--- Assignment ---
Set down the full listing exactly as given. Any pictures are to be left out.

--- Data block ---
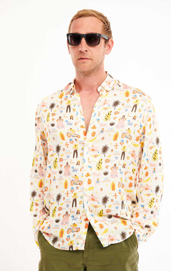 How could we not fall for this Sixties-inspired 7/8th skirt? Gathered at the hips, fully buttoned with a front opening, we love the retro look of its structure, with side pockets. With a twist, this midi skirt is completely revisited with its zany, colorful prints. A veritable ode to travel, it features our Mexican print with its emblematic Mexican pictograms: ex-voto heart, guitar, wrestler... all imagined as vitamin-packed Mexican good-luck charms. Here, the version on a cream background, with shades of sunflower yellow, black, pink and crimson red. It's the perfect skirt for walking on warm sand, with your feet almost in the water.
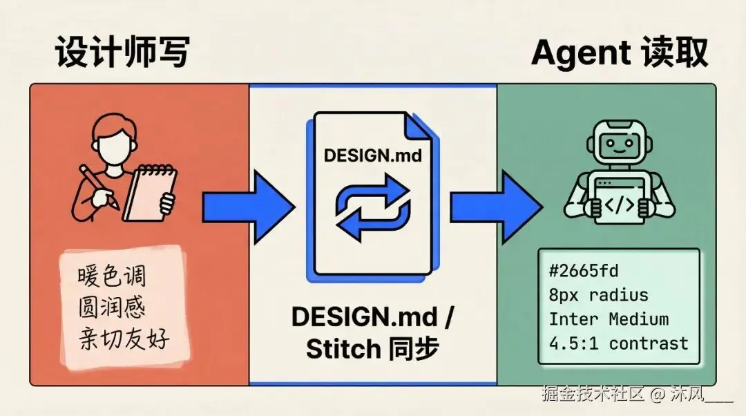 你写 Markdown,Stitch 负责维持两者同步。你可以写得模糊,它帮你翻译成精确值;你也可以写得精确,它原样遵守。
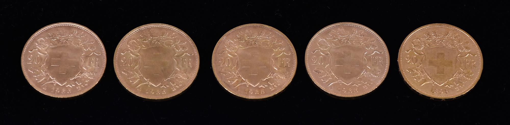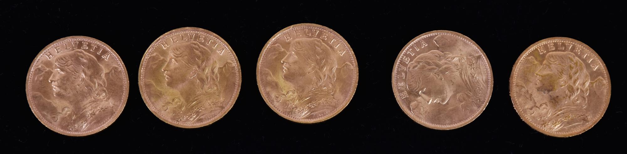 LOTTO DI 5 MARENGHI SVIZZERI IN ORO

--- Answer ---
 How could we not fall for this Sixties-inspired 7/8th skirt? Gathered at the hips, fully buttoned with a front opening, we love the retro look of its structure, with side pockets. With a twist, this midi skirt is completely revisited with its zany, colorful prints. A veritable ode to travel, it features our Mexican print with its emblematic Mexican pictograms: ex-voto heart, guitar, wrestler... all imagined as vitamin-packed Mexican good-luck charms. Here, the version on a cream background, with shades of sunflower yellow, black, pink and crimson red. It's the perfect skirt for walking on warm sand, with your feet almost in the water.
 你写 Markdown,Stitch 负责维持两者同步。你可以写得模糊,它帮你翻译成精确值;你也可以写得精确,它原样遵守。
 LOTTO DI 5 MARENGHI SVIZZERI IN ORO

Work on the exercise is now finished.